Now comes news that the U.S. government, at the prodding of Republicans in Congress, has not vetted captured documents and intelligence from Iraq before posting it on the web for bloggers and the new breed of I.F. Stones to analyze. The result has been the inevitable round of "Oh, shit."

The documents, roughly a dozen in number, contain charts, diagrams, equations and lengthy narratives about bomb building that nuclear experts who have viewed them say go beyond what is available elsewhere on the Internet and in other public forums. For instance, the papers give detailed information on how to build nuclear firing circuits and triggering explosives, as well as the radioactive cores of atom bombs.

“For the U.S. to toss a match into this flammable area is very irresponsible,” said A. Bryan Siebert, a former director of classification at the federal Department of Energy, which runs the nation’s nuclear arms program. “There’s a lot of things about nuclear weapons that are secret and should remain so.”

Well, it's not as if Osama didn't have his own personal centrifuge consultant in A.Q. Khan up until a short while ago. And if the Turbaned One is sifting through countless .gov URLs to find such hot epistemology on how to destroy the world, then I suppose we should be grateful that someone out there is doing his homework.

I can already hear the keyboards feverishly chirping away at the headquarters of MoveOn.org and Antiwar.com: "Ha! The greatest irony of all in this dirty war is that by taking out Saddam we've finally enabled him to build WMD — everywhere except in Iraq!"  I wonder why these schematics for nuclear and chemical weapons were being kept by the Ba'ath. Everyone knows the regime was "contained" and harmless. Something to remind Chemical Ali of the good old days, perhaps?
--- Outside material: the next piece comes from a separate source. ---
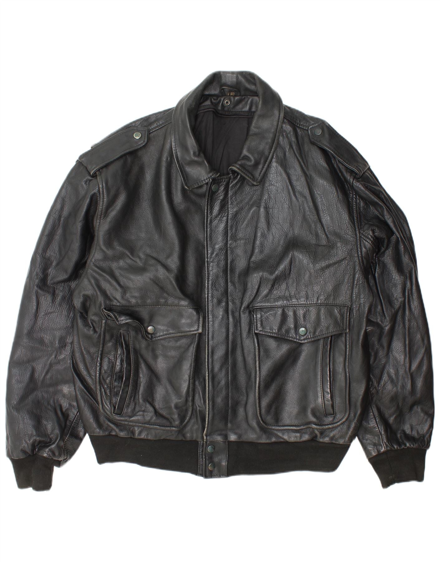 veste en cuir militaire vintage pour homme UK 42 XL Cuir noir

The real story is that there are 48,000 boxes of Iraqi state documents that no one in Washington seems to be eager to dig through himself. Three years after their seizure and we're just now finding out that contents might be deemed inappropriate for some viewers. The investigations shouldn't be into whether prewar intelligence was doctored and distorted — it should be into whether anyone's bothered to look into the postwar stuff. "'Reviewing the documents for release would add an unnecessary burden on busy intelligence analysts,' [some intelligence officials] argued." What the hell else are they up to at Langley these days?

Yet it is still given as an absolute certainty that Saddam was not in fact up to no good since Gulf War I, even as we continue to excavate more data about his wretched regime and even as discoveries from its archives continue to grab front-page headlines.

Bush and the war planners may have fashioned plenty of rods for their own backs, but so have those who presume to know everything there is to know about Iraq's long-term plans until 2003.